Мы посочувствовали землякам нашего шофера я поинтересовались, как обстоит дело в других племенах.
— Да так же, если не хуже — отвечал Махбус. — И у ас-сайар, и у сайин, и у аль-хумум. Хорошо вам в России, — молвил он, заворачиваясь в одеяло, — махра не надо, и невеста не требует фунта золотых украшений.
Последнюю фразу я часто слышал от йеменцев. Дешевизна брака повышает акции нашей родины в их глазах. В племенах же, упомянутых Махбусом, положение семейных мужчин и впрямь непростое. Сайин, аль-хумум и аль-манахиль называют (себя и свою территорию на востоке «Хадрамаута — аль-Мишкас. Они издавна разводят верблюдов, коз и овец, ходят с караванами из внутренних районов Аравии на побережье и обратно, в долинах занимаются финиководством, выращивают сорго и просо. Им принадлежит все, что выбрасывает на берег аравийская волна, будь то плоды человеческих рук — товары с разбитых кораблей или дары моря, включая главный — драгоценную амбру. Мужи аль-Мишкаса известны гордостью, храбростью и выносливостью, но и женщины ни в чем не уступают им.

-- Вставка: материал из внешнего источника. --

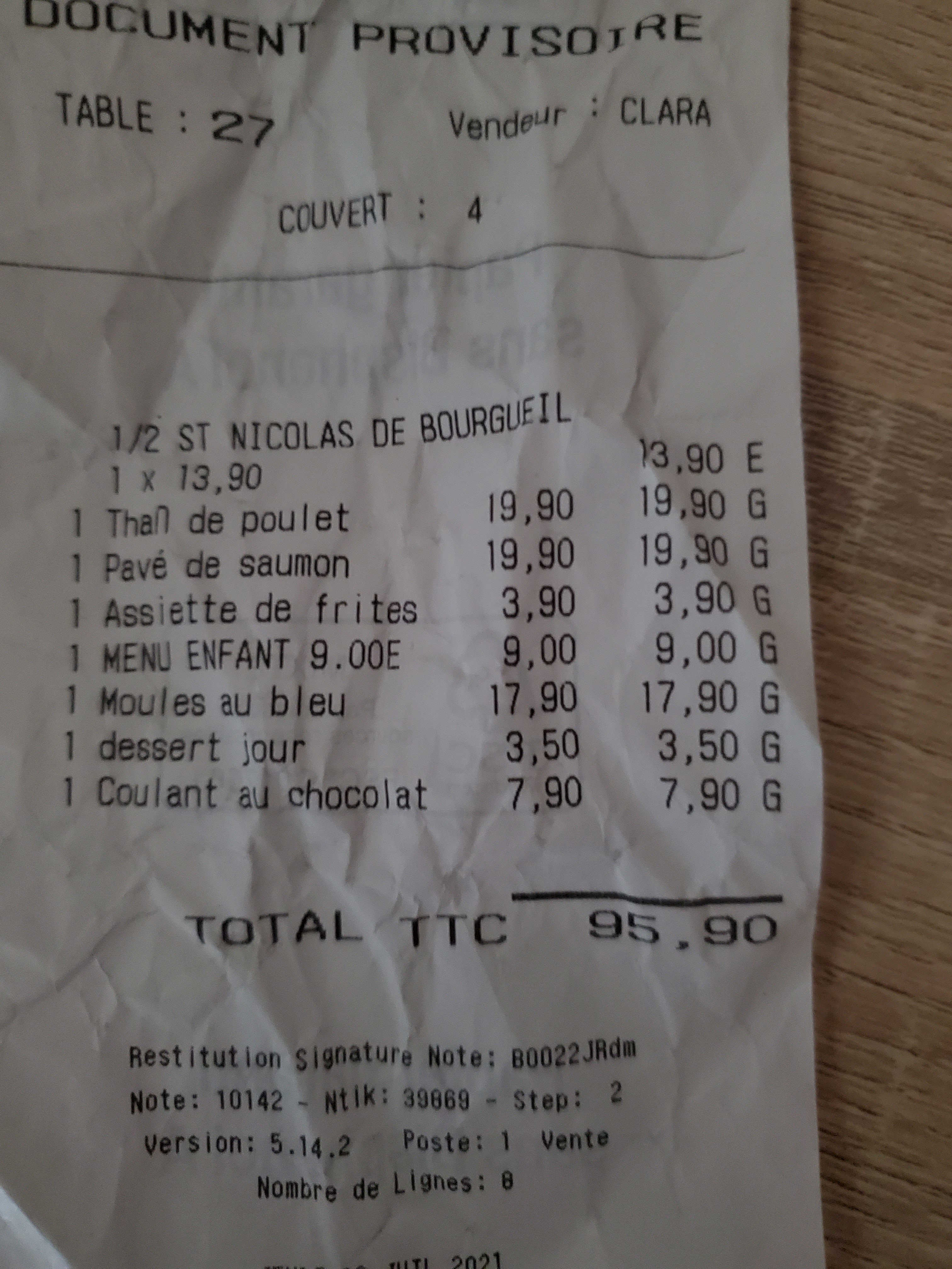 Nous avons dîné en famille à 4, 2 adultes et 2 enfants. Nous avons plats 4 plats différents et tous c'est très bien passé. Maître d'hôtel agréable et très compréhensible avec les enfants qui souhaitaient avec des plats de grands et terrasse ombragé avec vue sur l'allier. Viande, Burger, thon et gambas élégantes et patronne à connaître. La notation de 3,9 n'est pas mérité, je recommande avec un rapport qualité prix plus que correct.

Они не закрывают лица. Участвуют в публичных церемониях, танцуют общие с мужчинами танцы. Самостоятельно выбирают жениха и встречаются с ним до свадьбы. Брак заключается в доме жены, на ее родителей молодожен работает некоторое время, пока не получит разрешения ввести жену в свое жилище. Племена аль-Мишкаса обитают в саманных домах-башнях, пещерах или ночуют под деревом. Классические бедуинские шатры из козьей шерсти у них попадаются редко, да и тем они предпочитают брезентовые армейские палатки.
В этом краю семейно-брачные обычаи причудливо сочетают общеарабские правила с местными традициями. Первые отдают безусловное предпочтение отцовским родственникам, или, как выражаются этнографы, принципу патрилинейности. Вторые выделяют родственников со стороны матери — матрилинейных. Как повсюду в арабском мире, юноша считается естественным женихом своей двоюродной сестры по отцу. Если он не желает ее брака с другим, то может в любой момент остановить свадебную церемонию. Невеста не вправе ослушаться своего кузена, зато, по местному обычаю, он должен целый год выполнять ее желания и работать на ее семью, прежде чем девушка выйдет за него. Кузенное право оборачивается тяжелой обязанностью: если двоюродная сестра некрасива или имеет какой-нибудь природный недостаток, двоюродный брат просто обязан взять ее в жены.
На людях жена оказывает мужу почтение: не окликает по имени, не заговаривает первой, не касается его и даже не глядит в его сторону. Но араб с севера был бы поражен, узнав, какую необычную роль играет жена во внутрисемейной жизни аль-Мишкаса. Классические мужские и женские обязанности здесь перепутались. Да, женщина нянчит детей, пасет коз и овец, но она же принимает гостей как глава семьи. Муж защищает семью и род, зарабатывает на пропитание и доит верблюдиц, но он же готовит еду, мелет зерно, стирает свою одежду, ходит по воду и за топливом. Самое интересное, что права женщин надежно охраняет племенное собрание, в котором нет ни одной женщины — лишь мудрые старцы и крепкие воины.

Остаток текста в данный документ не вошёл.